* _TASK TO CARRY OUT_
When you reach the line containing "5月16日晚8點(diǎn)", begin reproducing the material exactly, stop after the line containing "XIHANCAM Kamera POE", and leave out any pictures along the way.

* _SOURCE MATERIAL_
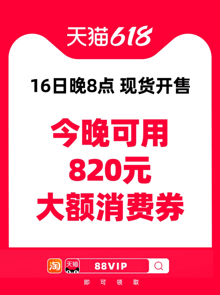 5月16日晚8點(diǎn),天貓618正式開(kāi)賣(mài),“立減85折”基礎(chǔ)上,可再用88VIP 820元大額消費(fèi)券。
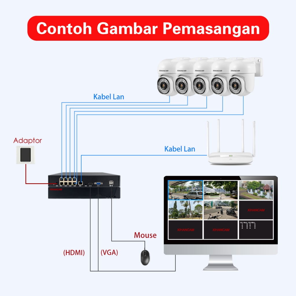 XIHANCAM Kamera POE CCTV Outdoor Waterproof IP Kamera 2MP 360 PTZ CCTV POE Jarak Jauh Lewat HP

--

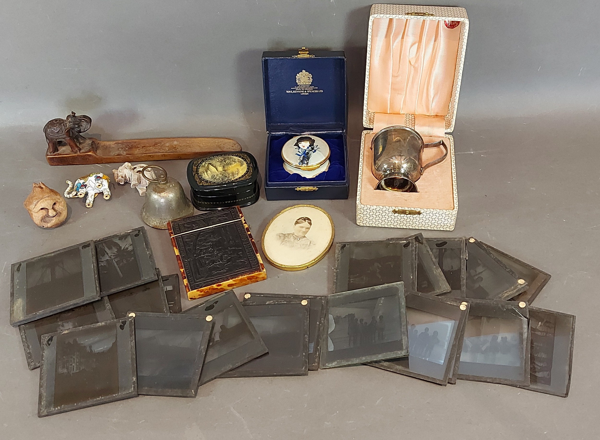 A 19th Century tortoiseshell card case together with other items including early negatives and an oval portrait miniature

...

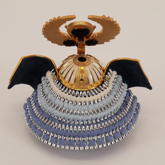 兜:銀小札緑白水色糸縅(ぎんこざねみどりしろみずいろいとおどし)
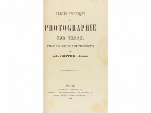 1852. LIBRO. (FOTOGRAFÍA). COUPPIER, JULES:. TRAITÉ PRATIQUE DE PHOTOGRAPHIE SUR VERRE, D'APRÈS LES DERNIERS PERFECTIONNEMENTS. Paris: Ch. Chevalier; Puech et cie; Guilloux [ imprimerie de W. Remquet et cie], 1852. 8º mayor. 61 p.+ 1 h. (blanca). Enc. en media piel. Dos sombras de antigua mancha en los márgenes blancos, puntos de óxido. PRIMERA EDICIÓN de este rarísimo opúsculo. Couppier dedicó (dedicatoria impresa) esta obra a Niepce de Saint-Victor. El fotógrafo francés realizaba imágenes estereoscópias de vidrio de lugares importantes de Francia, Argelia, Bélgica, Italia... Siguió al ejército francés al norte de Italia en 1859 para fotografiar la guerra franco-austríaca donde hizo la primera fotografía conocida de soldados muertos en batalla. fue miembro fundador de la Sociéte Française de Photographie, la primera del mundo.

* _TASK ANSWER_
 5月16日晚8點(diǎn),天貓618正式開(kāi)賣(mài),“立減85折”基礎(chǔ)上,可再用88VIP 820元大額消費(fèi)券。
 XIHANCAM Kamera POE CCTV Outdoor Waterproof IP Kamera 2MP 360 PTZ CCTV POE Jarak Jauh Lewat HP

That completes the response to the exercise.